## DATA TO USE
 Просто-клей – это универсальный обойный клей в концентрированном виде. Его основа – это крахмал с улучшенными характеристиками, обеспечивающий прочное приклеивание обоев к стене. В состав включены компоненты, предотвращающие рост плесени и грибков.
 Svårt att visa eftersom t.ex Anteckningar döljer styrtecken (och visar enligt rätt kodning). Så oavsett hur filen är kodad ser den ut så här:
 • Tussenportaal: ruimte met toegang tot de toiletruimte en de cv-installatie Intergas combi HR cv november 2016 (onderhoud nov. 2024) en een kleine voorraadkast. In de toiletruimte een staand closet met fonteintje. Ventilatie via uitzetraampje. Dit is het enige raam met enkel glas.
---
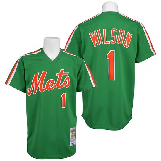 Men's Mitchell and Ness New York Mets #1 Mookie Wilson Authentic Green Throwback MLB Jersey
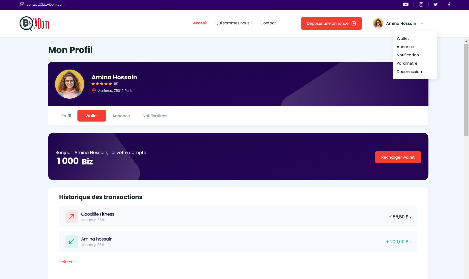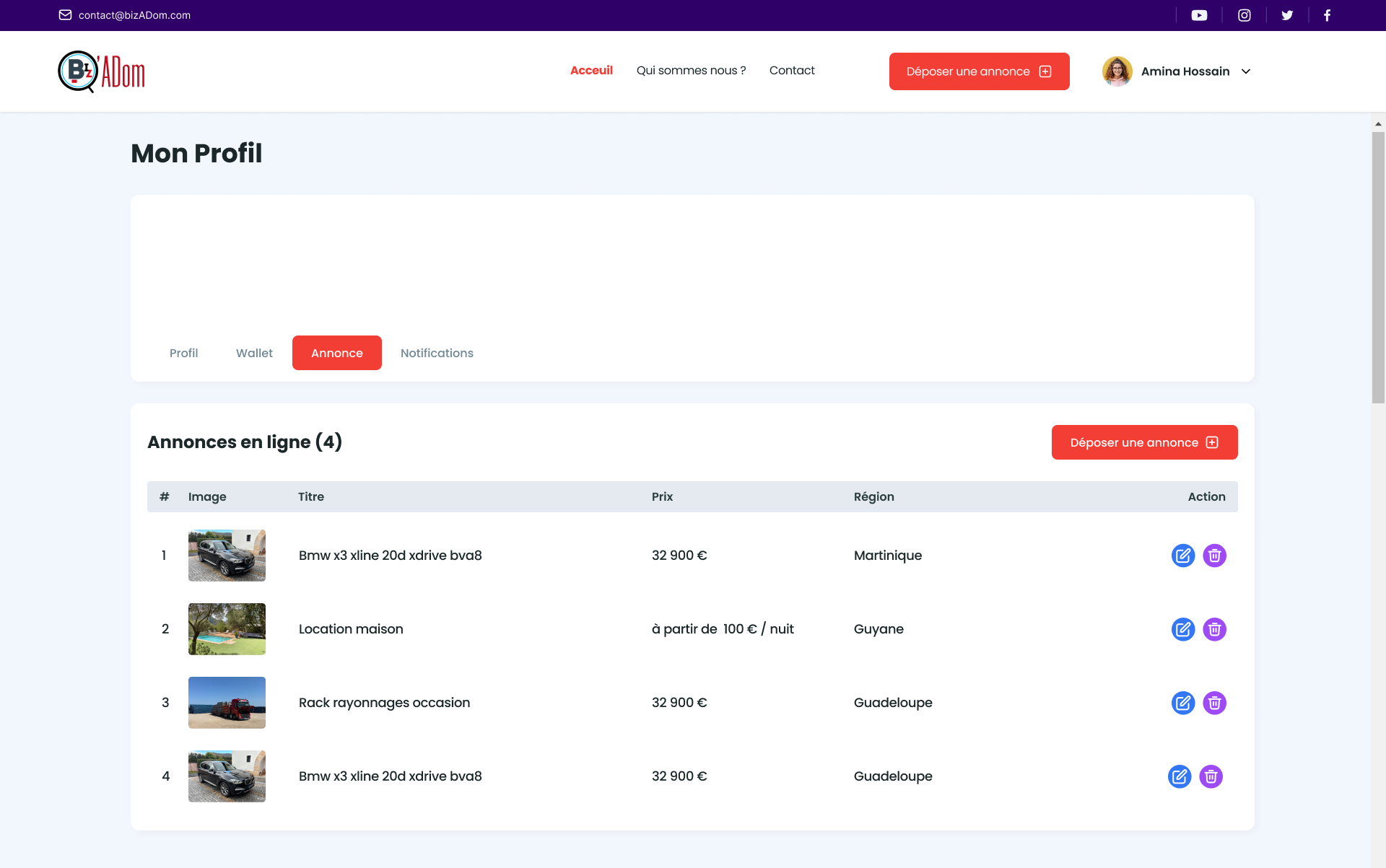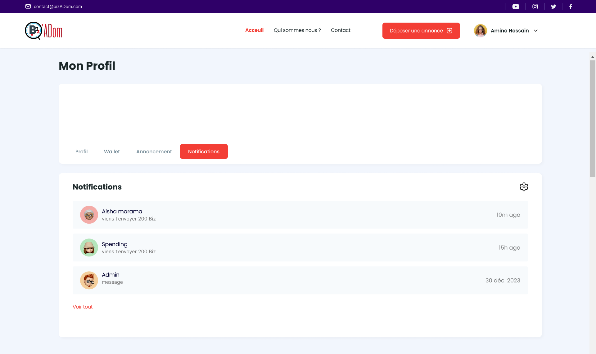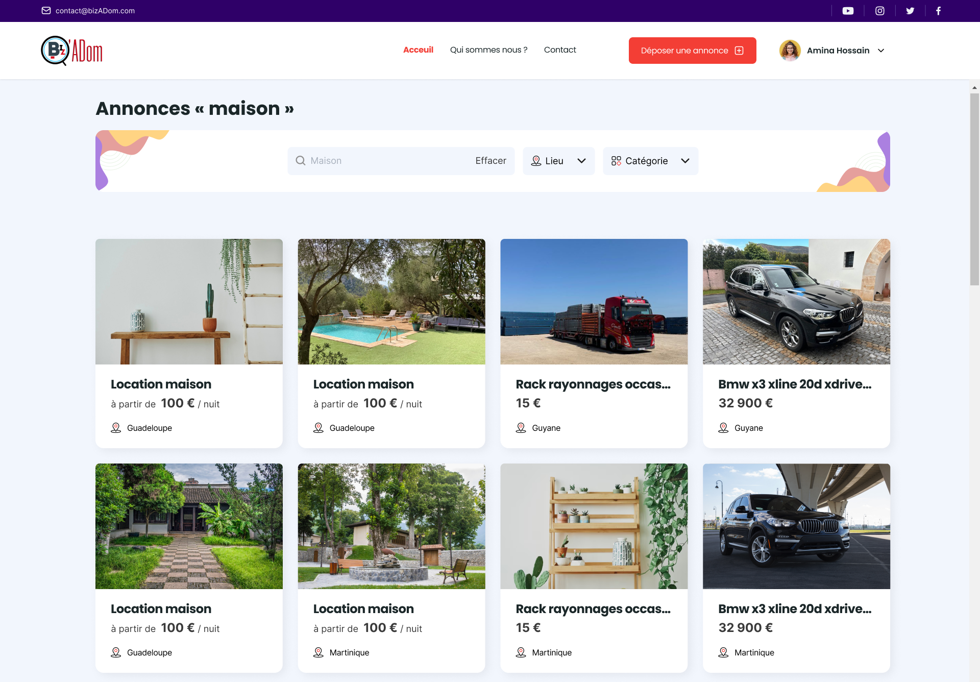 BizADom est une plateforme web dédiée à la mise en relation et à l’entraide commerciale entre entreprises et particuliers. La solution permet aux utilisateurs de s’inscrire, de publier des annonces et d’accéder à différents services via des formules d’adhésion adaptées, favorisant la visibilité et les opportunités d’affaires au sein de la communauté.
==
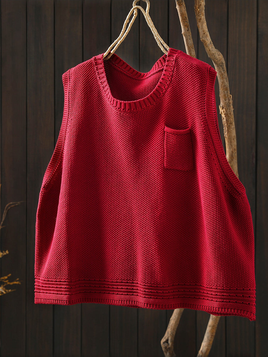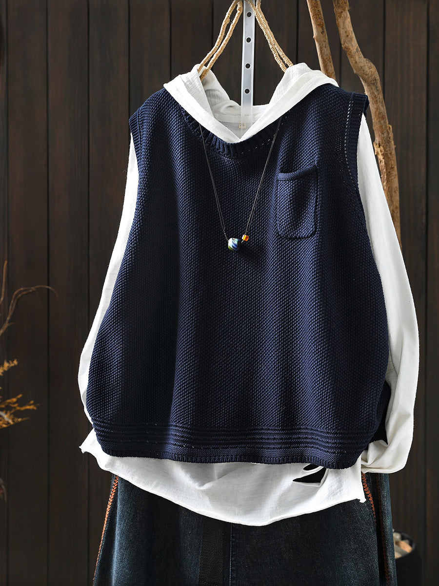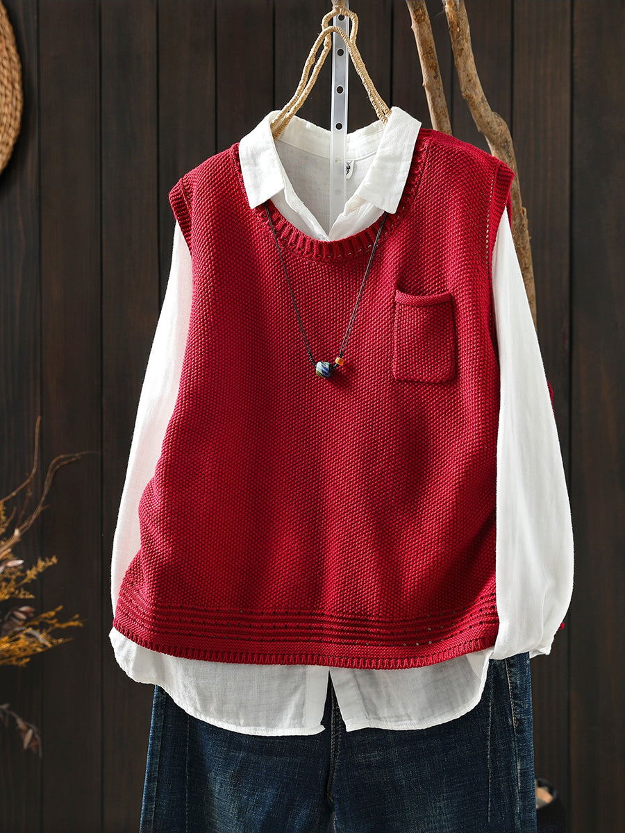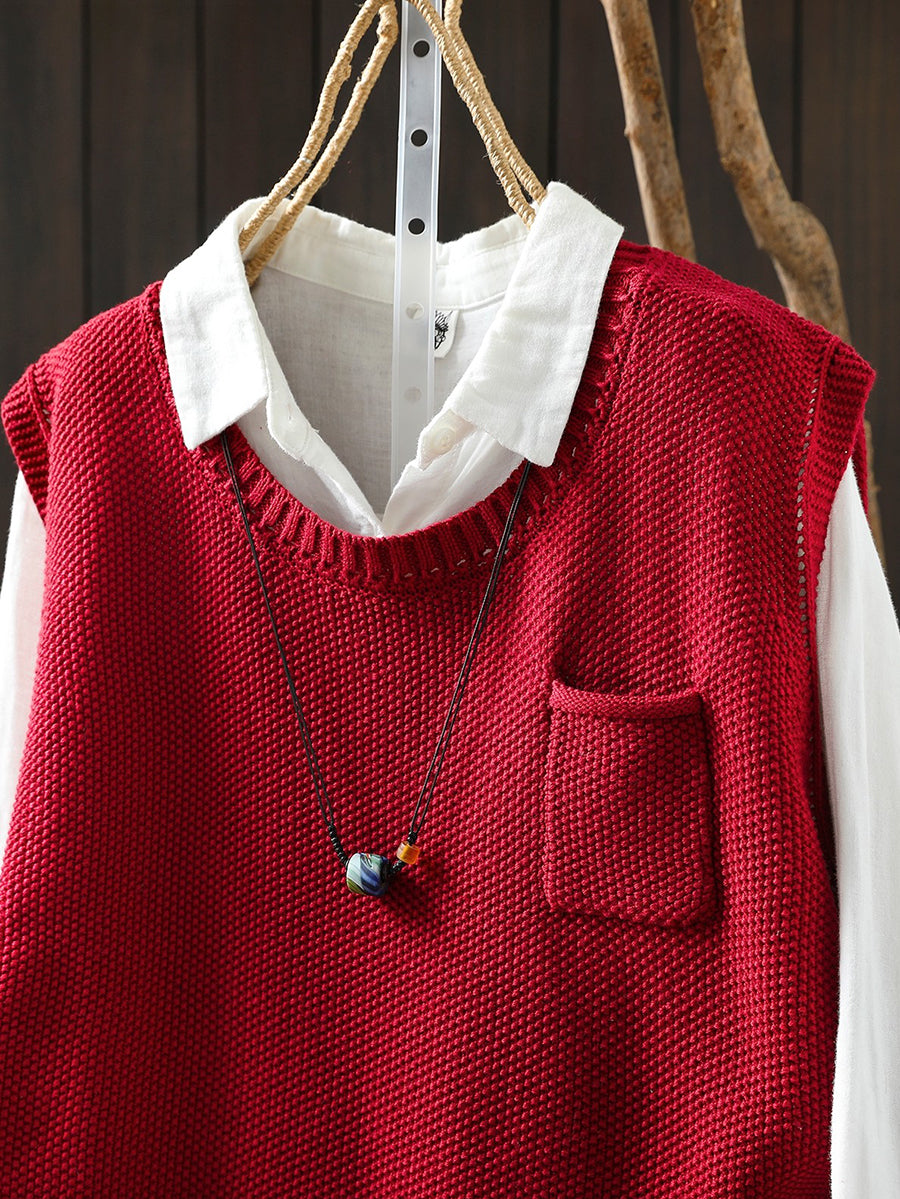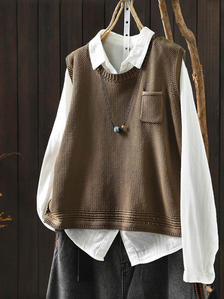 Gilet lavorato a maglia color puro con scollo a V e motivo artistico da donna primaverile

## WHAT THE TASK ASKS
Set down exactly the lines above, from the line containing "Men's Mitchell and" through the line containing "BizADom est une". Skip the pictures.

## THE ANSWER
 Men's Mitchell and Ness New York Mets #1 Mookie Wilson Authentic Green Throwback MLB Jersey
 BizADom est une plateforme web dédiée à la mise en relation et à l’entraide commerciale entre entreprises et particuliers. La solution permet aux utilisateurs de s’inscrire, de publier des annonces et d’accéder à différents services via des formules d’adhésion adaptées, favorisant la visibilité et les opportunités d’affaires au sein de la communauté.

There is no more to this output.